In this analysis, the following content will be listed 
- Web scraping: obtain apartment rental price by neighbourhood
- Data wrangling: clean up the data using python pandas 
- Data analyze:
  - obtain more neighbourhood venue data using Four Square data base, 
  - explore the data set in pandas, matplotlib, etc 
  - perform rental price prediction using machine learning skills  
  
  
  
### Author: Estella Yu ###
email: estellayyu@gmail.com || 
LinkedIn: __[Yingxian Estella Yu](https://www.linkedin.com/in/estella-yingxian-y-65b3b883/)__



keyword:  *`web scraping`*, *`data wrangling`*, *`python`*, *`pandas`*, *`folium`*, *`Four Square`*


# I. Introduction 

### 1. Background

New York is such a unique place full of attractions from the financial capital, fashion trends, artistic and historic atmosphere, that words just simply can't describe enough. The only way to know the life in New York is simply to experience it. Yet, city life comes with a lot of dollar signs _--$$--_  especially in Manhattan. According to the recent National Rent Report (__[Feb 2019](https://www.zumper.com/blog/2019/01/zumper-national-rent-report-february-2019/)__), the rental price in New York for a 1 Bedroom apartment ( **$2,780** ) is ranking 2nd across the nation, right behind the crazy San Fransisco. What's more, based on the data shown in  __[businessinsider](https://www.businessinsider.com/manhattan-rent-by-neighborhood-ranked-from-lowest-to-highest-2018-5)__, the asking rent has drastically increased by **33%** in the window from Dec 2009 to July 2017 (in less than 9 years)!

Therefore, it's of special significance to analyze and understand the housing trend in New York. With some simple search, one can easily spot that the housing price in New York is highly correlated with its location. For example, the rent near Soho (average `$5,000 - $6,000+`) is higher than the Manhattan average by 52%, and is certainly more pricy than the rent near East Harlem (average `$2,000 - $3,000+`). 

So to what extend can we predict the rent in Manhattan based on the neighboring venue, an important component that contributes to the vibes in the neighborhood? Is it easier to spot an Italian restaurant than a pizza store at the pricy neighborhood? How much does a school, a mall, a supermarket potentially contribute to the housing price? We are going to figure it out in this report!

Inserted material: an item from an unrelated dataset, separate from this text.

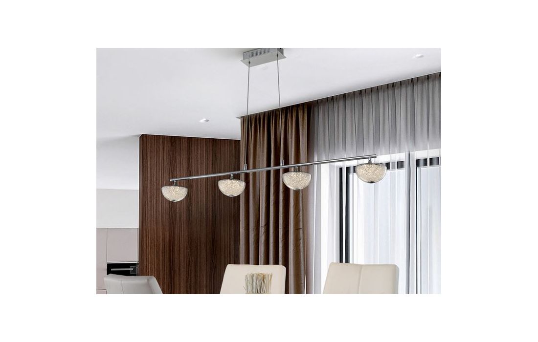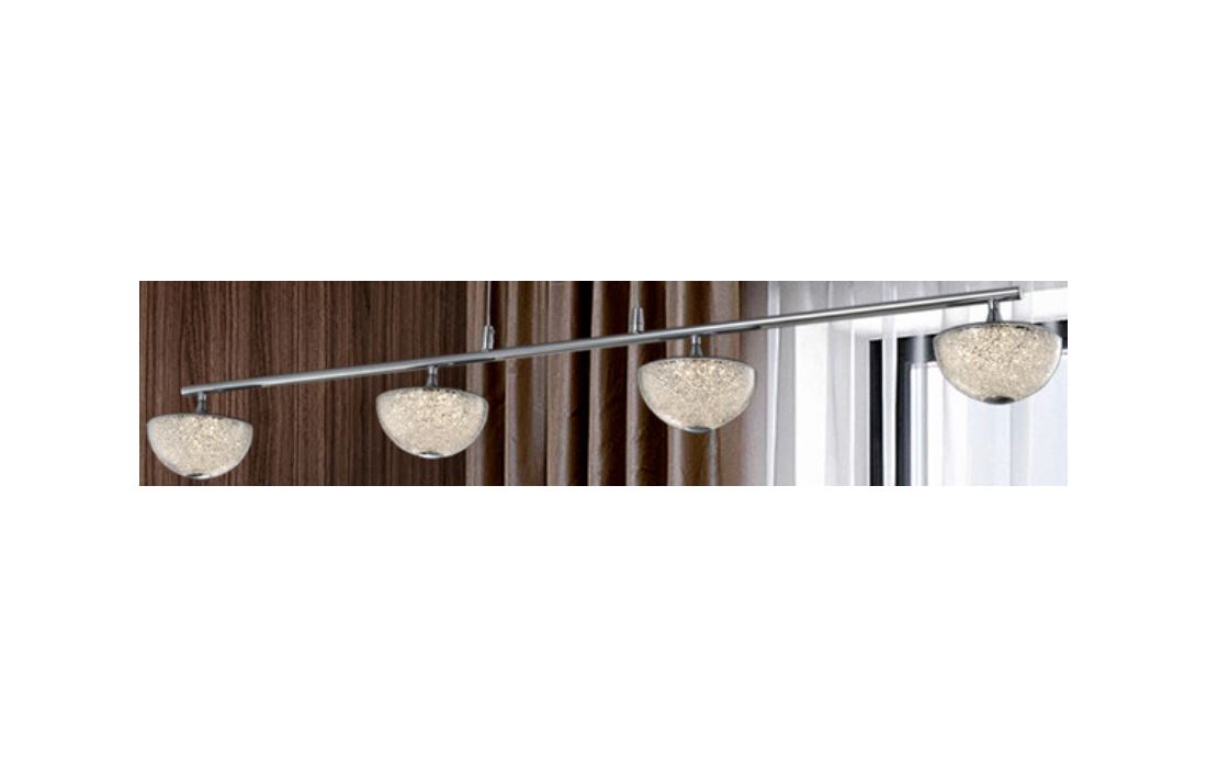 Ceiling lamp with 4 LED lights, chromed metal and aluminum. Semi-spherical tulips in glass, with interior texture of granulated glass.

### 2. Project Description

Using data to analyze the following questions: 
 - *`Why`* do we want to analyze the housing price in __New York__?
 - *`How`* is the apartment rental price vary by __neighborhood__?
 - If you are planning to move to a new neighborhood, *`what`* typical __venues__ will you be looking for? 
 - Do the popular venue & higher end apartment price align?

### 3. potential terget reader
The results and analysis enclosed in this project can be closely relevant to: 
 - People related to rental activities in New York (landloard, tenant, real estate agent, ect)
 - Bussiness personal: if one plans to open a new bussiness in a certain neighborhood, which neighborhoods are more appropriate, and do the target neighborhoods have relevant venue already? 
 - or Anyone who's courious about data (like us! :))

# II. Data Description 
### 1. Data Source:
- __[Zumper](https://www.zumper.com/blog/2019/01/zumper-national-rent-report-february-2019/)__: National Rent Report: February 2019
- __[Rentcafe](https://www.rentcafe.com/average-rent-market-trends/us/ny/manhattan/)__: Manhattan, NY Rental Market Trends
- __[School locations in Manhattan](http://www.lat-long.com/Search.cfm?q=+school&State=NY&County=New+York&FeatureType=school)__
- __[Four Square API](https://developer.foursquare.com/)__: venue data around each neighbourhood

### 2. Data Collection:
 1. Data from National Rent Report and Manhattan rent market trend will be scraped fromthe web
 2. For each neighborhood, it's lattitude and longitude information will be collected using Geocoder
 3. For each neighborhood, call Four Square API to obtain sourounding detailed venue data
 
### 3. Use data to solve the problem:
1. Visualize the national rent price across nation (Matplotlib, bubble plot)
2. Cluster the neighborhood based on rental price, closeby venues, etc.
3. Plot rental price v.s. popular venue across all neighborhood, and explore correlations
4. Analyze a special venue -- Schools. Investigate how does distance to each school potentially contribute to the housing price
 


# III. Import Data

In [1]:
from bs4 import BeautifulSoup # for obtaining clean html content

import numpy as np
import pandas as pd

import requests # for getting html content
import folium
from folium import plugins
from folium.plugins import HeatMap
from geopy.geocoders import Nominatim # convert an address intolatitude and longitude values

import datetime
from pandas.io.json import json_normalize # tranform JSON file into a pandas dataframe
from sklearn.cluster import KMeans

import matplotlib.cm as cm
import matplotlib.colors as colors

print("Libraries Imported!")

Libraries Imported!


### 1. extract & plot rental price based on disctrict in Manhattan

    1) use beautiful soup to extract website content

In [2]:
############1. obtain data from website (using BeautyfulSoup)####################
web_link = 'https://www.rentcafe.com/average-rent-market-trends/us/ny/manhattan/'
web_neighborhood = requests.get(web_link)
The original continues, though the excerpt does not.